▶ _About this task_:
Within the records below, find the line with "通过思客调查,我们也能看到消" and the line with "A playful piece", then reproduce exactly those two lines and all lines between them, without any picture.

▶ _Supplied data_:

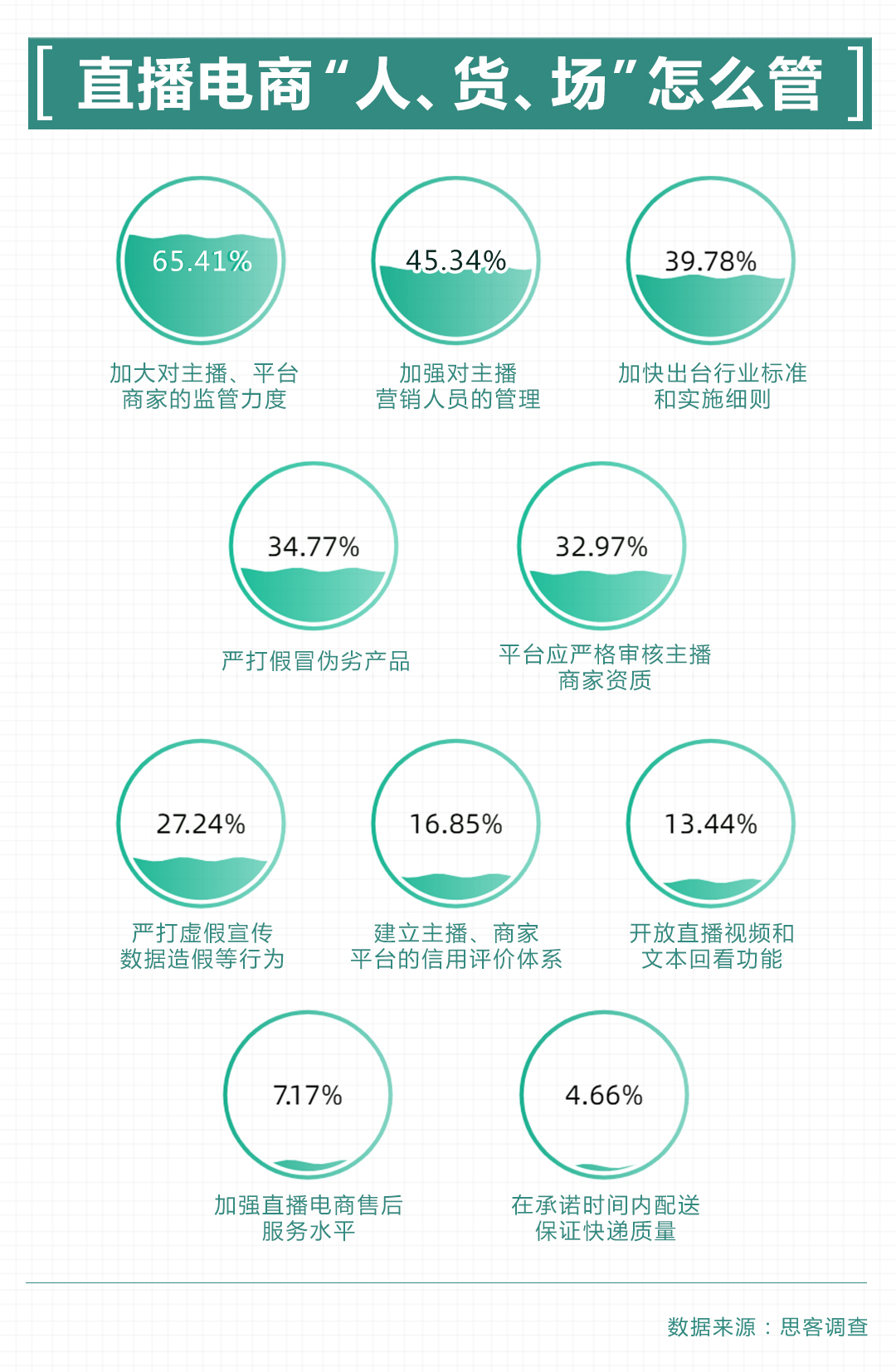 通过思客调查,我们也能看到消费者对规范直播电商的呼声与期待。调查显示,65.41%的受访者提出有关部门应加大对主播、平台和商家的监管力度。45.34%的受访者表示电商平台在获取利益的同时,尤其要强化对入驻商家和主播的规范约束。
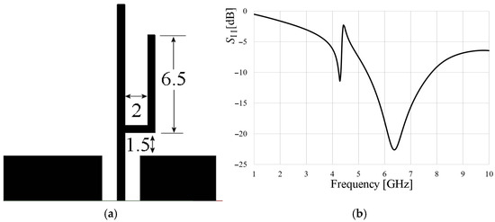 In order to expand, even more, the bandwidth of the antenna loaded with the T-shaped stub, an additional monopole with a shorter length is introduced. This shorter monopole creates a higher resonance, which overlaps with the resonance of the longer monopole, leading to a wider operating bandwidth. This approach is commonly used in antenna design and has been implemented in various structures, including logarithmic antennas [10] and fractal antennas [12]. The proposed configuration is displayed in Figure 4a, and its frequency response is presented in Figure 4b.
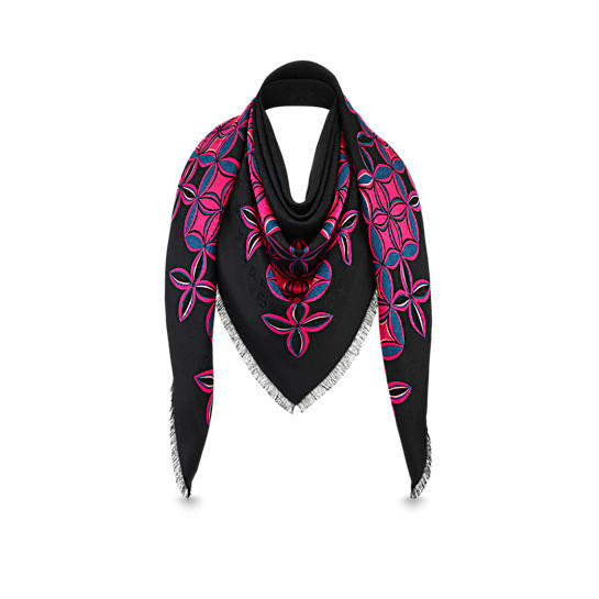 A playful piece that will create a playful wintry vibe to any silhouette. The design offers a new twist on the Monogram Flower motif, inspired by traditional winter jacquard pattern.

==

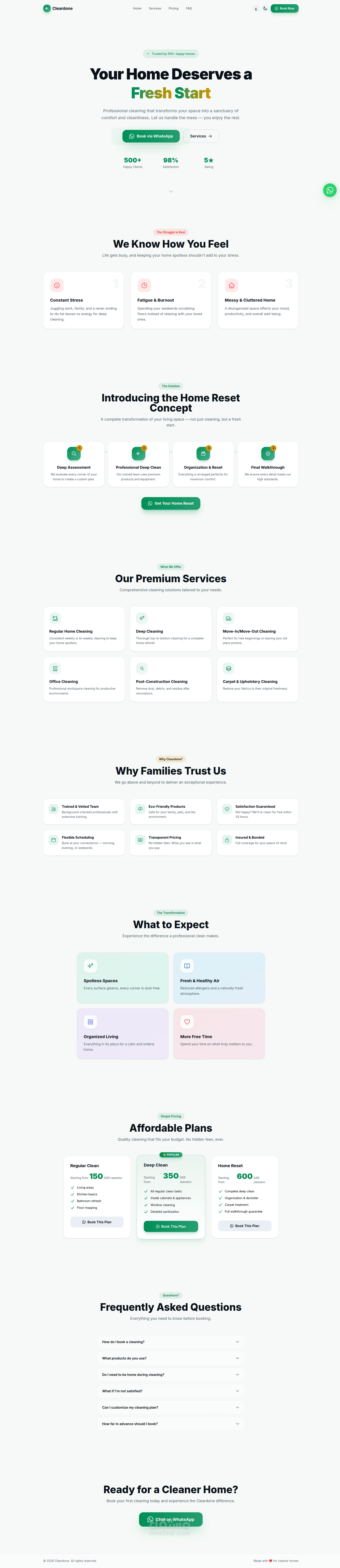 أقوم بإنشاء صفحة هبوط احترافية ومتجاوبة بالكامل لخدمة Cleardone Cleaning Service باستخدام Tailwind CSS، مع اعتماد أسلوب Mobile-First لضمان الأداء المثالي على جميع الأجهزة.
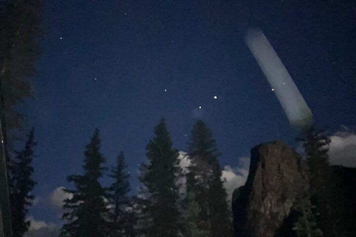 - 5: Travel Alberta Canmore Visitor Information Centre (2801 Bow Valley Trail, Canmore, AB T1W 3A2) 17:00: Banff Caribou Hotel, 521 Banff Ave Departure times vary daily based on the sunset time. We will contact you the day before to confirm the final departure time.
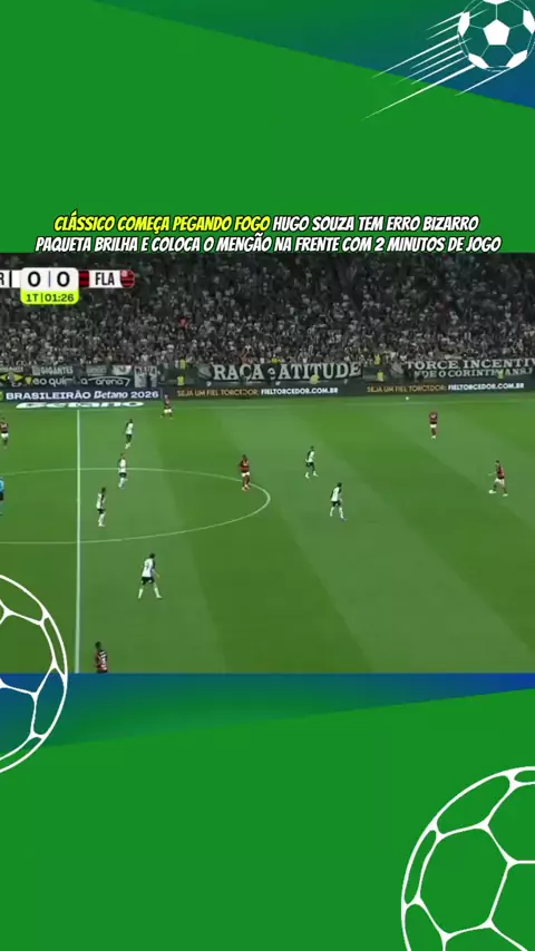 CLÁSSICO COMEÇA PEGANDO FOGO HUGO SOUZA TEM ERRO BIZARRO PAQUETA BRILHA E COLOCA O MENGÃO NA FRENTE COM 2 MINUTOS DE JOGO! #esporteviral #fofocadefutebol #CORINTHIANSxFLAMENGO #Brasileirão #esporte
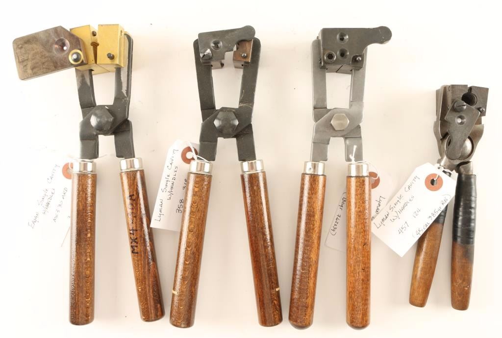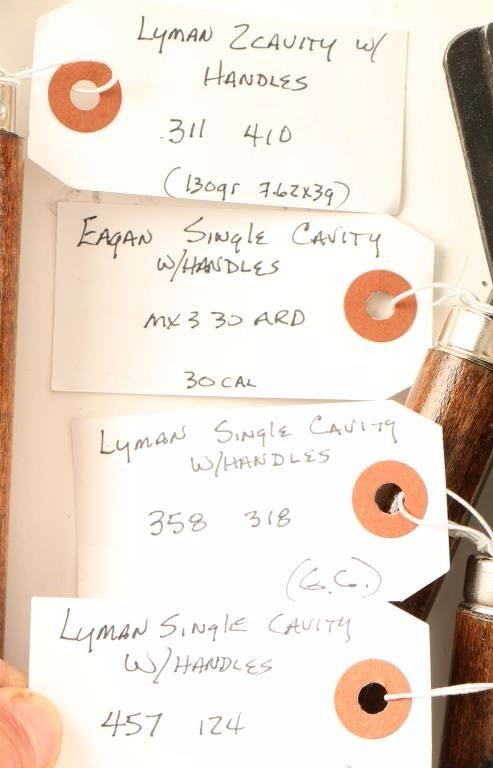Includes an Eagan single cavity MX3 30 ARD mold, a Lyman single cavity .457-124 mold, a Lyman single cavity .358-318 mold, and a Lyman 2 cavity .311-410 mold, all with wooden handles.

--

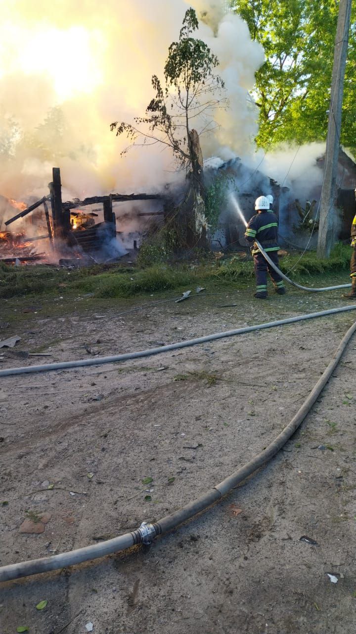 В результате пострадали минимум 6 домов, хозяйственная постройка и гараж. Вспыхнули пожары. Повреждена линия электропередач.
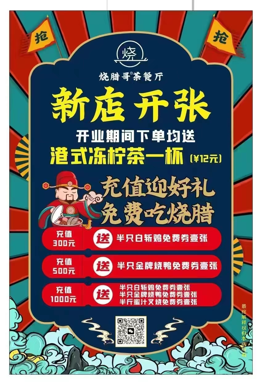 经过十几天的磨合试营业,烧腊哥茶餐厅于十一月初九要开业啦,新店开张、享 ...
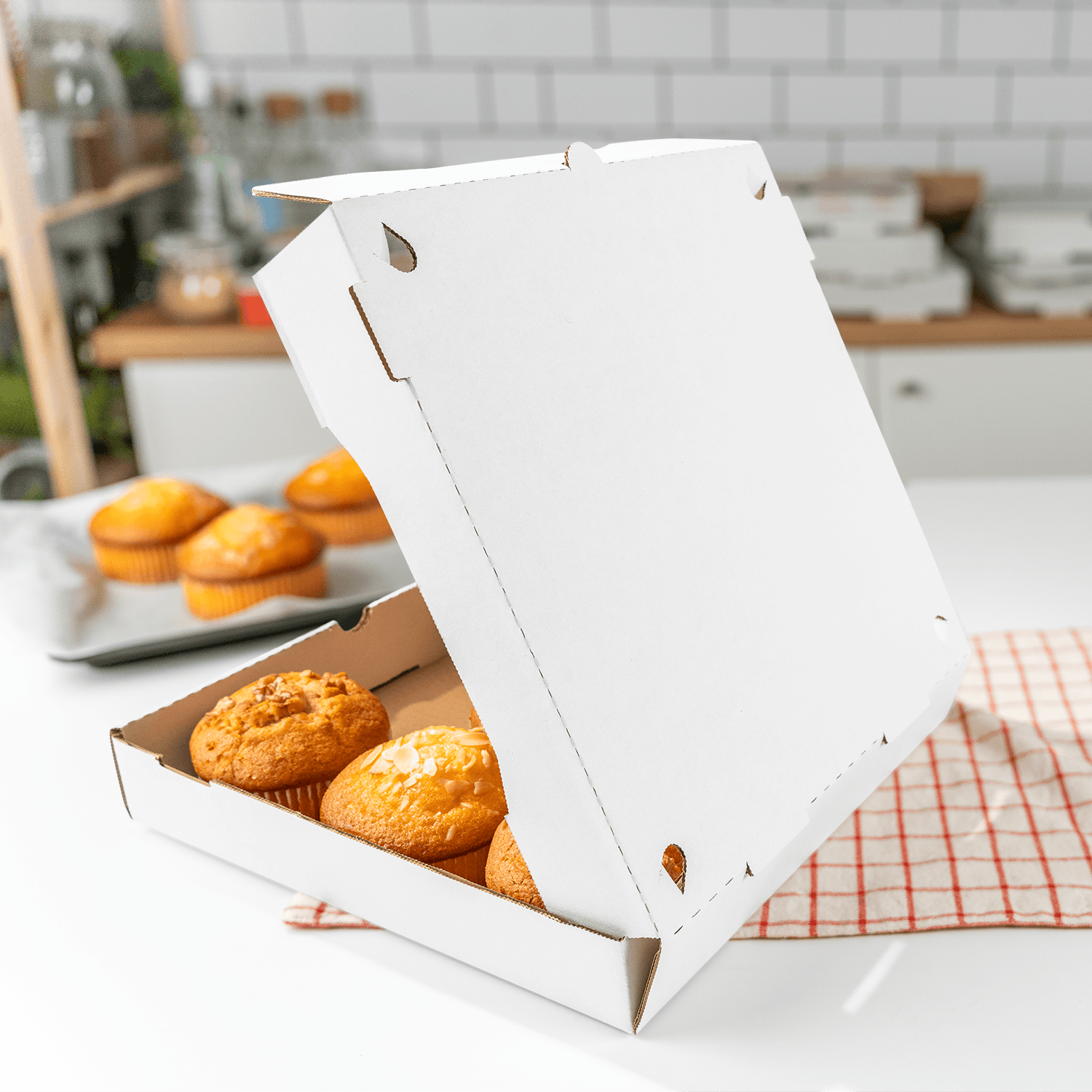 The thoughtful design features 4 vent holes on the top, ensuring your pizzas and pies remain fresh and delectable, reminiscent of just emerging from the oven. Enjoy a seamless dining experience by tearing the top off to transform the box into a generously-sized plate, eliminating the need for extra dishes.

▶ _Answer to this exercise_:
 通过思客调查,我们也能看到消费者对规范直播电商的呼声与期待。调查显示,65.41%的受访者提出有关部门应加大对主播、平台和商家的监管力度。45.34%的受访者表示电商平台在获取利益的同时,尤其要强化对入驻商家和主播的规范约束。
 In order to expand, even more, the bandwidth of the antenna loaded with the T-shaped stub, an additional monopole with a shorter length is introduced. This shorter monopole creates a higher resonance, which overlaps with the resonance of the longer monopole, leading to a wider operating bandwidth. This approach is commonly used in antenna design and has been implemented in various structures, including logarithmic antennas [10] and fractal antennas [12]. The proposed configuration is displayed in Figure 4a, and its frequency response is presented in Figure 4b.
 A playful piece that will create a playful wintry vibe to any silhouette. The design offers a new twist on the Monogram Flower motif, inspired by traditional winter jacquard pattern.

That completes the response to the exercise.